11.4 Secure Configuration

Customer is responsible for properly configuring the Service and implementing appropriate access controls, authentication settings, and security measures within its control. Aperture is not liable for Security Incidents resulting from Customer's failure to implement reasonable security configurations.

12. AI-Specific Provisions

12.1 Regulatory Review

Both parties acknowledge that the regulatory landscape for artificial intelligence is evolving. Each party will periodically review this DPA to assess its compliance with applicable AI legislation and data protection requirements, including the EU AI Act and any other applicable AI governance frameworks.
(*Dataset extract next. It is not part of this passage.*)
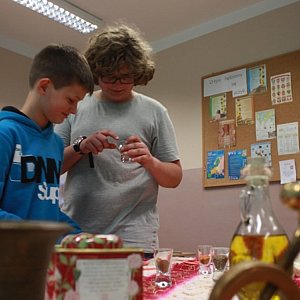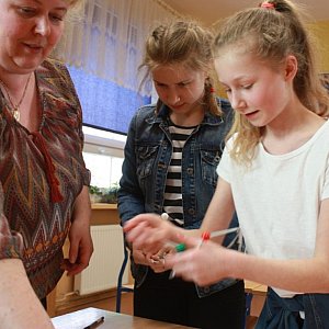 W tym roku spotkanie z szóstoklasistami miało charakter podchodów, podczas który uczniowie połączeni w pary, mieli za zadanie, w jak najkrótszym czasie, wykonać wszystkie zadania przygotowane przez uczniów i nauczycieli naszej szkoły. Każda z par otrzymała mapę i instrukcję, które miały pomóc w poruszaniu się po naszej szkole. Jedno z zadań polegało na pokierowaniu robotem wykonanym z klocków LEGO po specjalnie przygotowanym torze. W gabinecie biologicznym uczniowie mieli możliwość przypomnienia sobie budowy anatomicznej ludzkiego organizmu. Aby ożywić trupa, musieli umieści ludzkie organy wewnętrzne we właściwych miejscach. Matematycy postawili poprzeczkę naprawdę wysoko - aby przejść ten etap zmagań, należało zbudować jak najwyższą wieżę z kuleczek i patyczków.

12.2 No Training on Customer Data

Aperture will not use DPA Data to train, fine-tune, or improve general-purpose AI or machine learning models. This restriction extends to Aperture's Subprocessors, who are contractually prohibited from retaining, using, or training on DPA Data, except as strictly necessary for the provision of cloud hosting and infrastructure services.

12.3 Good-Faith Amendment

In the event that new AI-specific legislation or regulatory guidance materially affects the processing activities contemplated by this DPA, either party may request amendments to this DPA to ensure continued compliance. The parties will negotiate such amendments in good faith and without undue delay.

13. Data Return and Deletion

13.1 Data Export

Upon termination or expiration of the Agreement, Aperture will make DPA Data available for Customer to export for a period of thirty (30) days following the effective date of termination or expiration. Aperture will provide commercially reasonable assistance with data export upon Customer's request.

13.2 Deletion

Following the thirty (30) day export period described in Section 13.1, Aperture will delete all DPA Data in its possession and in the possession of its Subprocessors, including all existing copies, unless applicable law requires retention of such data. Where retention is legally required, Aperture will isolate the retained DPA Data from further processing and will delete it when the retention obligation expires.

13.3 Certification

Upon Customer's written request, Aperture will provide written certification confirming that it has complied with the deletion obligations set forth in this Section 13.

14. Term

This DPA takes effect on the effective date of the Agreement and remains in effect for the duration of the Agreement. Notwithstanding the foregoing, this DPA will survive termination or expiration of the Agreement until Aperture ceases all processing of DPA Data on behalf of Customer, including completion of the data return and deletion obligations set forth in Section 13.

15. Order of Precedence

In the event of a conflict between the provisions of this DPA and the Agreement (including any Order Form) with respect to the processing of Personal Data, the provisions of this DPA will prevail. In the event of a conflict between this DPA and the Standard Contractual Clauses, the Standard Contractual Clauses will prevail.